In this study, we utilized two popular algorithms, DaPars2 and QAPA, to quantify APA events from standard RNA-seq data. DaPars2 only predicts single proximal site, and the end of 3′UTR was taken as the distal site by default, so we used the percentage of the distal poly(A) site usage index (PDUI) to quantify APA events.

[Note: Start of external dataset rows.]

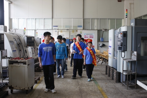 考生在志愿者引领下参观学院实训基地
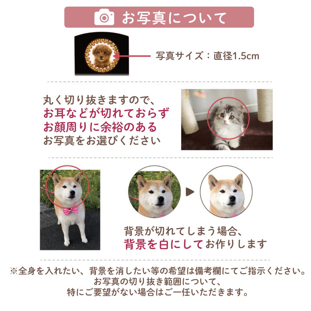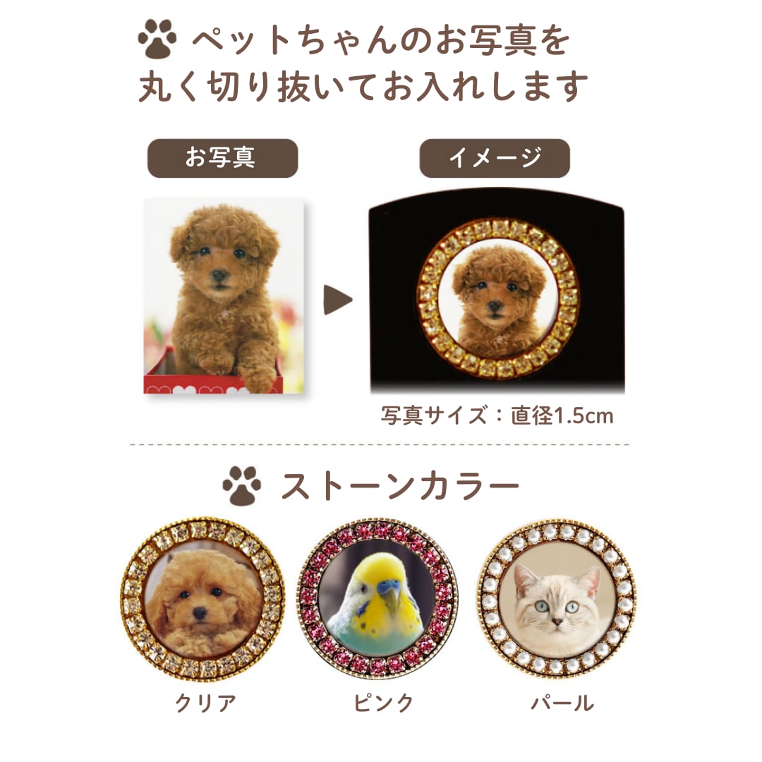 きらきらした飾り石が、ペットちゃんのお顔を明るく可愛く飾ります。
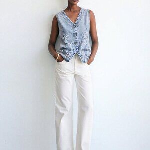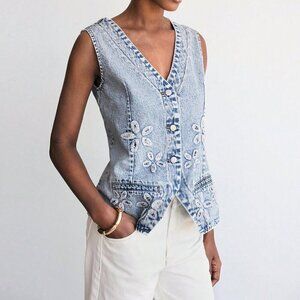 Light Wash Casual Women's Washed Floral Pattern Front Button Denim Vest
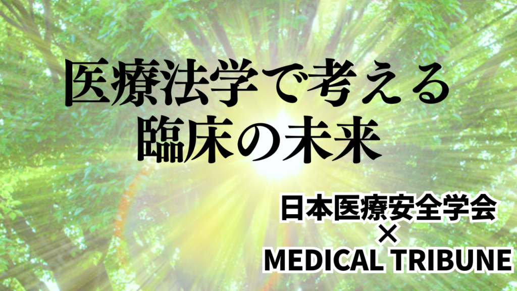 日本医療安全学会では、M3.comにて医療安全対談シリーズ「これからの医療安全」を、MEDICAL TRIBUNEにて「医療法学で考える臨床の未来」を連載しております。ぜひご覧ください。(画像をクリックいただきますと詳細ページに移行いたします)
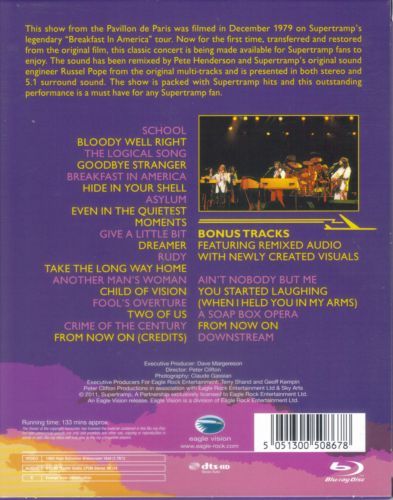 Supertramp’s “Breakfast In America” was the biggest selling album in the world in 1979. It spawned several hit singles and went on to win two Grammy Awards and sell in excess of 20 million copies. Following the album’s release Supertramp embarked on a 10 month world tour which arrived in Paris at the end of November. This show from the Pavillon de Paris was both filmed and recorded. The audio went on to form the basis of the 1980 live album “Paris” but the film was never released. Now for the first time, transferred and restored to full HD from the original 16mm film, this footage is available to Supertramp’s legion of fans worldwide. The sound has been remixed by original sound engineer and co-producer Pete Henderson from the original multi-tracks and can now be heard in 5.1. This is a legendary show by a legendary band performing at their absolute peak and is a must for any Supertramp fan.

PDUI value was a novel, intuitive ratio for quantifying APA events based on RNA-seq data (28), which was calculated by the expression level of isoform with the distal poly(A) site, divided by the total expression level of isoforms with both distal and proximal poly(A) sites. To reduce false positives, we discarded the PDUIs of certain transcripts for which the coverage of the last exon <30× or the percentage of samples supporting this PAS cluster (SampleP) < 5% (Figure 1B) (24,28). For QAPA, which is based on transcript-level abundance, it can calculate the relative proportion of each isoform in a gene using the PAS annotation files from GENCODE basic poly(A) annotation track, PolyASite (42) and/or custom file, so we used Poly(A) Usage (PAU) to quantify APA events. Due to the lack of PAS annotation files for most animals, we first created PAS annotation files based on the PAS extracted from DaPars2 results with the SampleP ≥ 5% (Figure 1B). Since mouse and worm have PAS annotation files in PolyASite database, these PAS annotation files were merged with our PAS annotation files for QAPA calculation.
Polyadenylation is the result of an RNA processing reaction. In the polyadenylation process, a multiprotein complex assembles on specific sequences of the pre-mRNAs, which are called the cleavage and polyadenylation signals (pA signals) (43). pA signals are composed of sequences that flank either side of where the pre-mRNA is endonucleolytically cleaved and subsequently polyadenylated (43). The classic pA signal is a bipartite sequence element that usually consists of a PAS hexamer, as well as upstream and downstream motifs of the cleavage site. In this study, we scanned the 50 nt (1,26) upstream sequence of the PAS to find PAS hexamers by DREME (44). In addition, for each PAS, motifs respectively at 200 nt upstream and downstream (1) from the PAS were obtained using MEME (45). Motifs were further filtered based on the following conditions: the statistical significance of the motif (E-value) > 0.05, the percentage of sites contributing to the construction of the motif (CountP) < 5% for MEME, or the percentage of sequences matching the motif (CountP) < 5% for DREME (Figure 1B).
Animal-APAdb (http://gong_lab.hzau.edu.cn/Animal-APAdb/) was built based on the THINKPHP (version 5.0.24) framework and Bootstrap 4, and runs on the Apache 2 web server with MySQL (version 5.7.29) as its database engine and Highcharts for graph drawing (Figure 1C). Animal-APAdb is available online without registration and optimized for Chrome (recommended), Internet Explorer, Opera, Firefox, Windows Edge and macOS Safari.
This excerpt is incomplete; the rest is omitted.